Это была какая-то тягостная нелепость. Мои эллы — существа безусловно разумные, знающие какие-то вещи, о которых мы на Земле не имеем даже представления. Как, без каких бы то ни было аппаратов и приборов они легко преодолевают силу притяжения своей планеты и парят? Как они добиваются, что именно над их ложами гравитация исчезает? А она ведь есть здесь, эта универсальная сила, есть, и их Элиния отлично притягивает к себе все то, что находится на поверхности планеты. А как они освоили наш язык! И при этом полное отсутствие любознательности. Это было противоестественно. Это противоречило моему представлению о разуме. Я почему-то вспомнил картинку из старого учебника психиатрии, который я где-то случайно листал. Забившийся в угол человек. Втянутая в плечи голова. Руки, пытающиеся натянуть одежду на голову. Пустые, обращенные внутрь глаза. Это называлось «синдром капюшона». Представить себе только, что когда-то психические расстройства не умели лечить… Понятно, почему эта картинка вдруг всплыла из запасников памяти. Эллы, похоже, так же отвернулись от окружающего мира. Только свой синдром они называют Законом. Да, но не может же целый народец сойти с ума одновременно? Стоп. Именно эллы могут. Они ведь не народ. Они, строго говоря, не они, а он. Все эллы — это один элл. Нет, чересчур это сложный вопрос, и не мне, невежественному циркачу, выносить такие приговоры. Слишком уж соблазнительно: увидеть кого-нибудь непохожего на тебя — бац штамп на лоб: псих.
Да, все это так, но что делать? С чего начать мою миссию? Я поймал себя на том, что совсем недавно, только что буквально, я бы не преминул добавить мысленно определение «безнадежная» к слову «миссия». А вот теперь после этой коротенькой и печальной встречи с умиравшим корром контакт с ними не казался невозможным. По крайней мере они находятся на таком уровне развития, когда контакт с разумом возможен. Не знаю уж, чем они похожи на земных животных, но кажется, что и с ними мне как-то удается настроиться на их волну. А это, собственно, главное.
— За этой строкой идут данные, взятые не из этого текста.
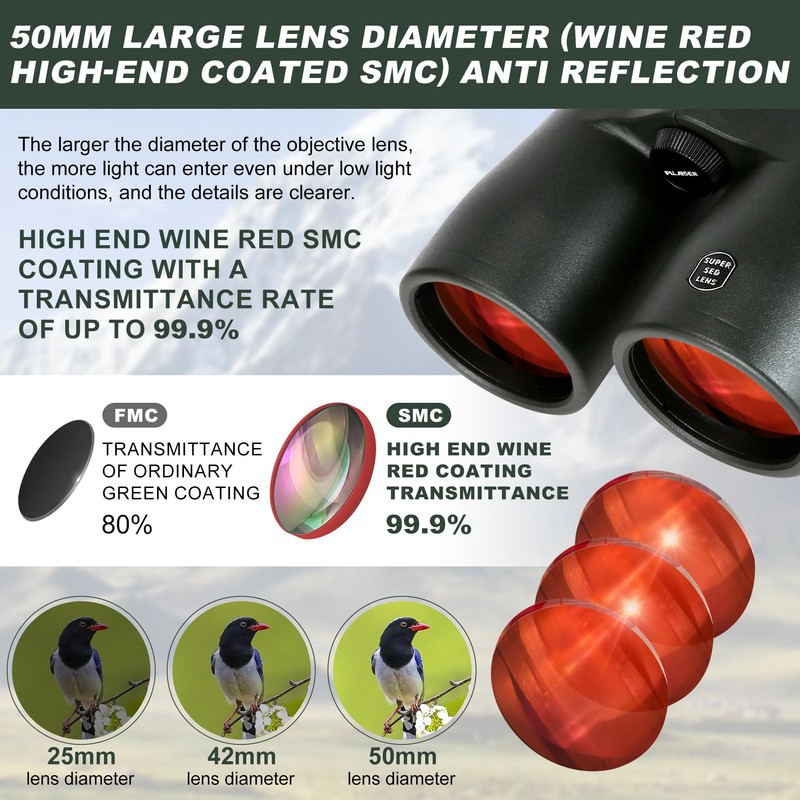 - [Professional HD Binoculars]Bird watching binoculars for adults is made of BAK4 prisms and FMC telescope Fully Multi-Coated Lenses with 50MM large objective lenses,which enables you to see clear and colorful targets through the telescopio in time in a dim environment.
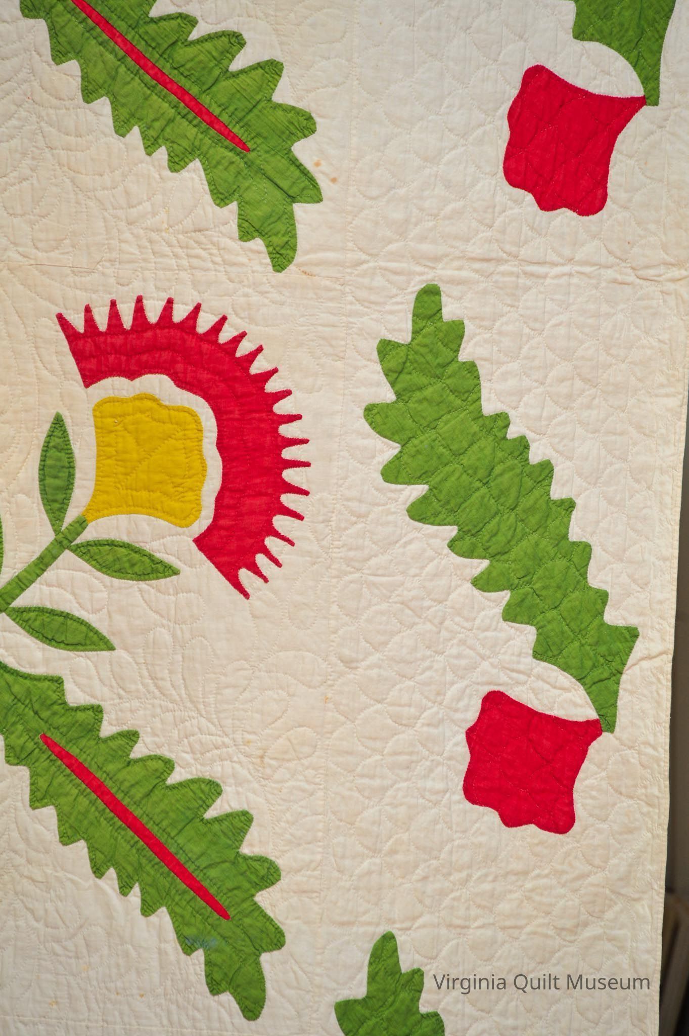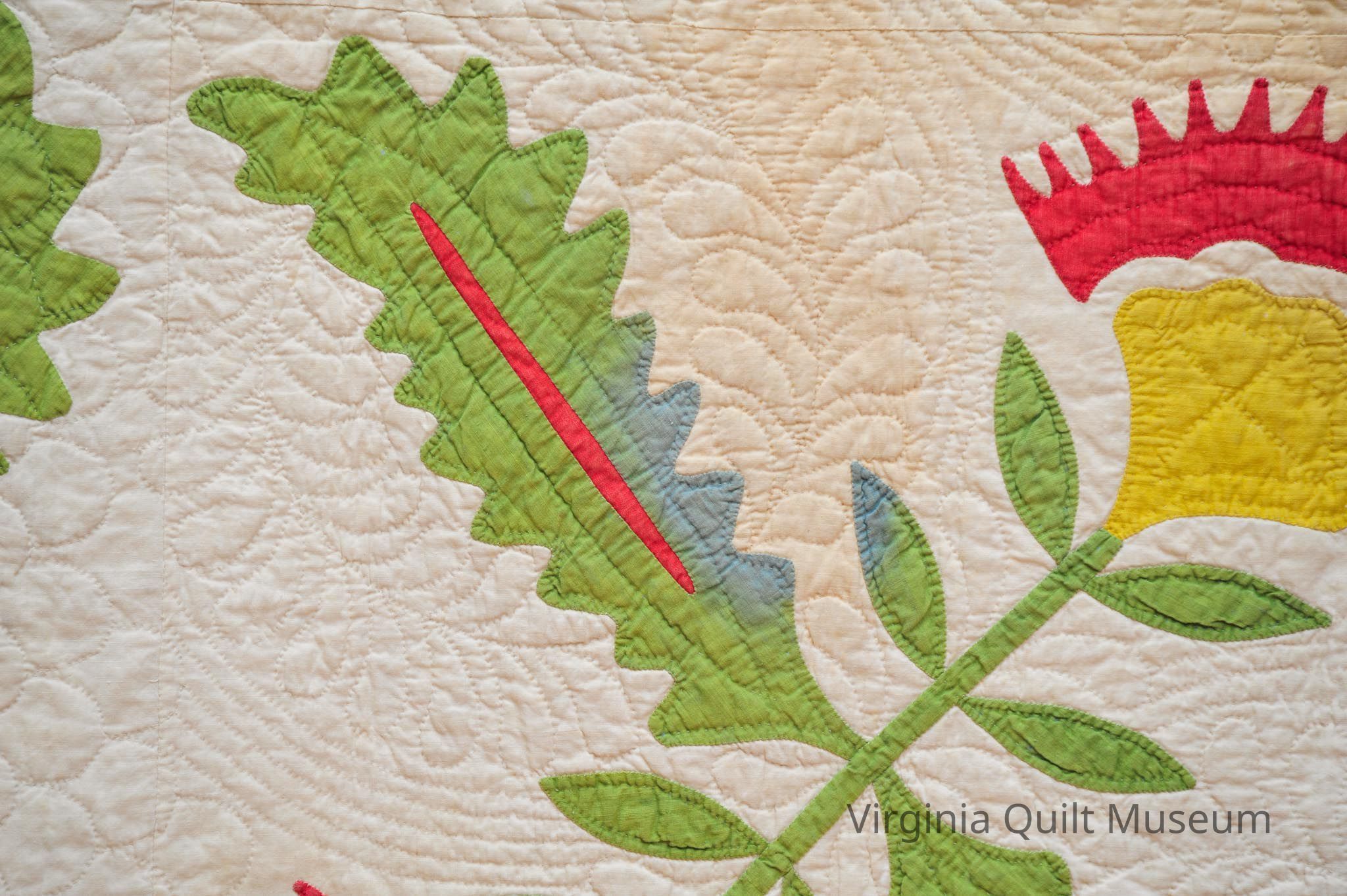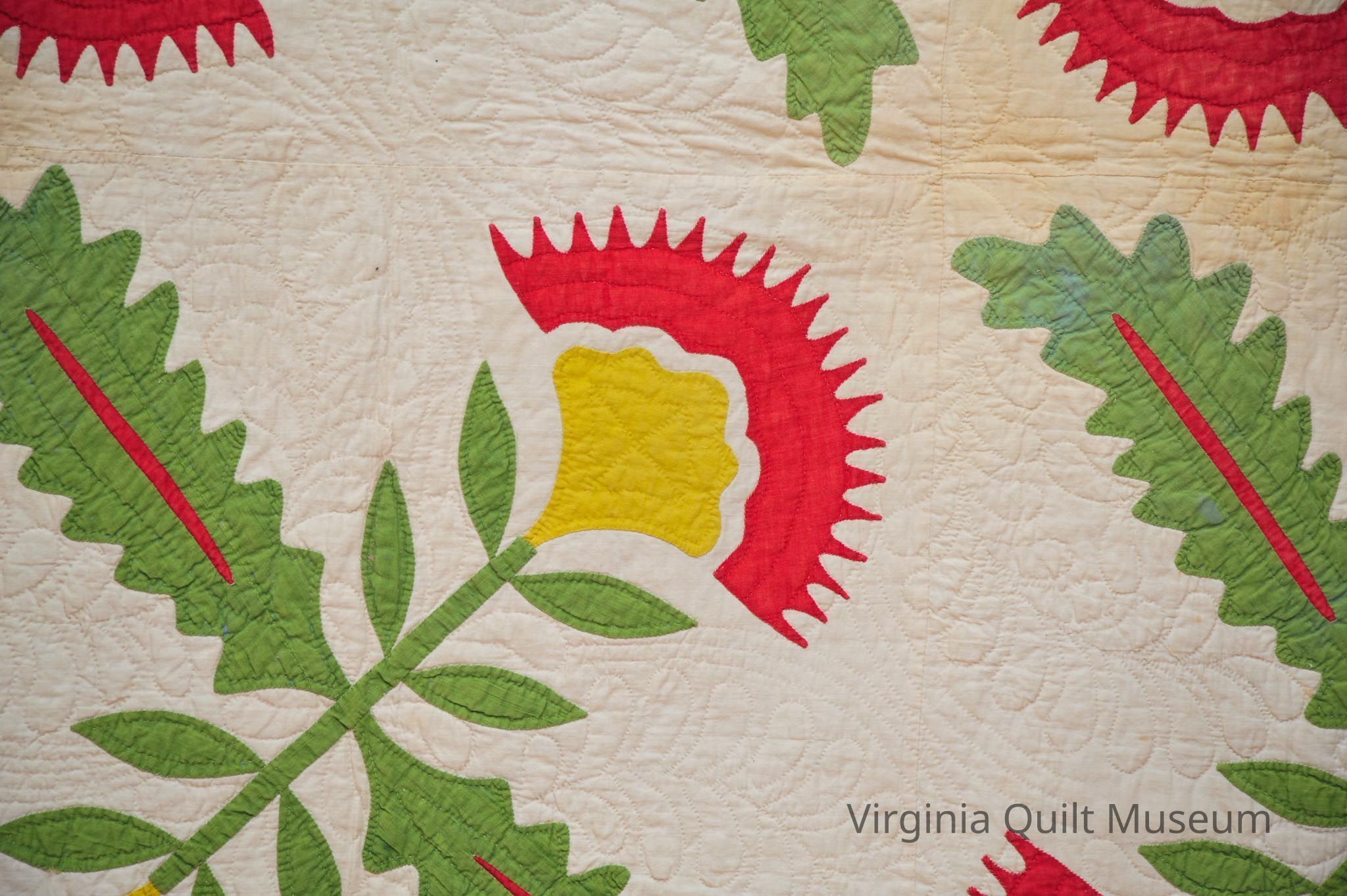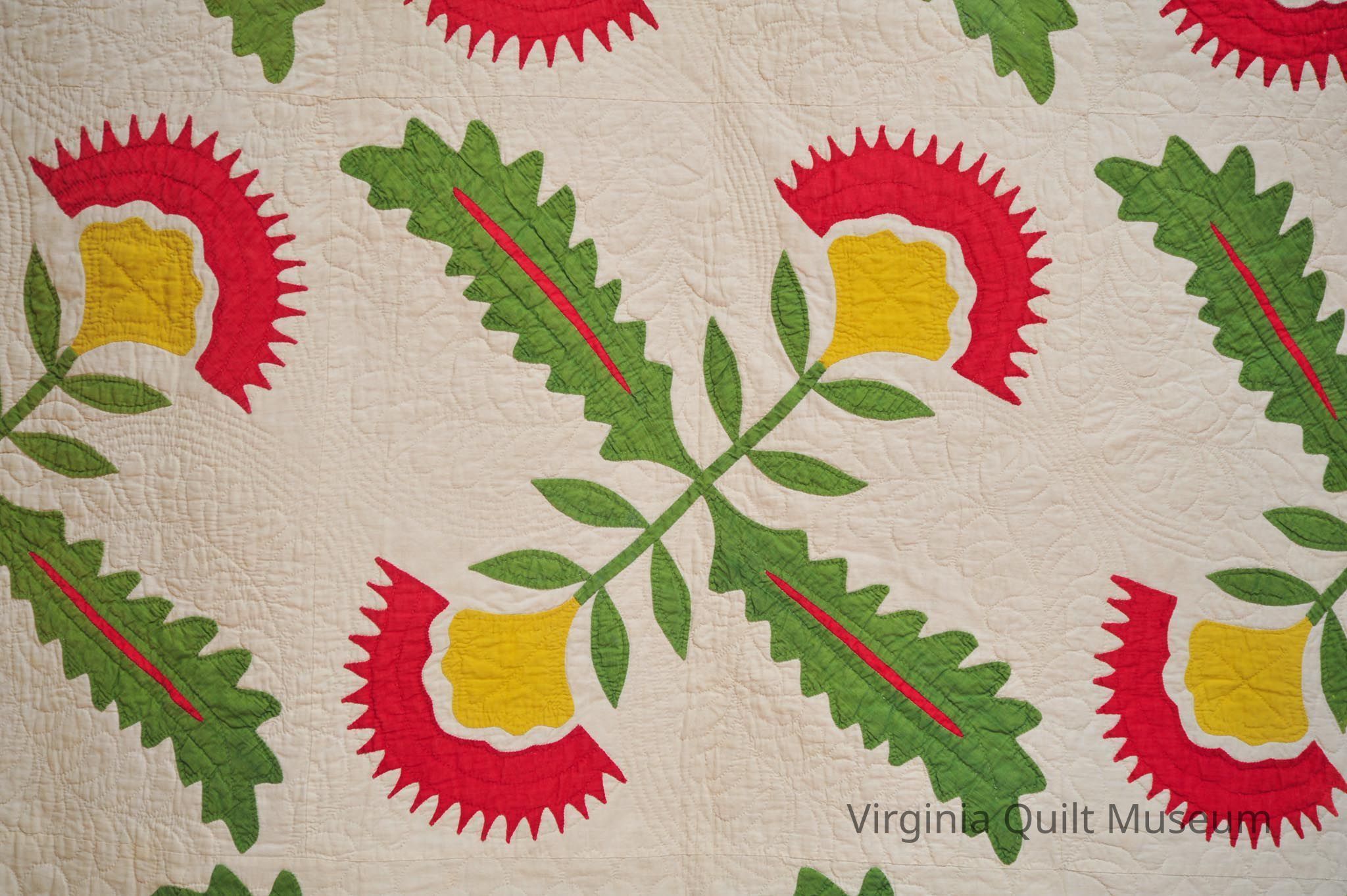 Binding is back over front. There are a total of 12 Cockscomb Variation blocks, which feature reverse applique in the leaves.
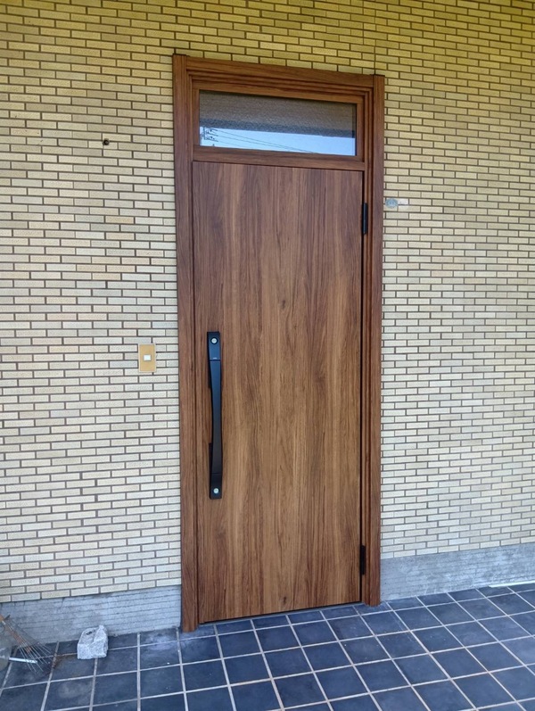 新しく採用したリシェントM17型は、欄間付きで光をしっかり取り込みながら、チークの色味が外壁タイルと自然に調和しています。現代的な印象と温かみのある玄関にリフォームできました。

Это то самое, для чего меня выдернули из симпатичного, уютного цирка в Сосновоборске, — разлучили с Ивонной, Путти и Чапой. Что за чушь, что значит — выдернули? Сам я выдернулся. Никто меня не дергал.
Ладно. Ясно было одно: назвался груздем — полезай в кузов. Взялся помочь эллам, надо пытаться сделать это. Как — это другой вопрос. Но уж во всяком случае не паря в нежной невесомости над своим ложем, не ведя бессмысленные беседы со своими хозяевами, у которых на все есть универсальный, кроткий ответ — мы не знаем.
Я вдруг подумал, что и корры, очевидно, так же мало знают об эллах, как эллы — о них. При беспомощном непротивлении эллов злу корры могли бы спокойно вытаскивать их прямо из их жилищ, где они не смогли бы даже подняться в воздух. Возможно, что полет их — единственное спасение.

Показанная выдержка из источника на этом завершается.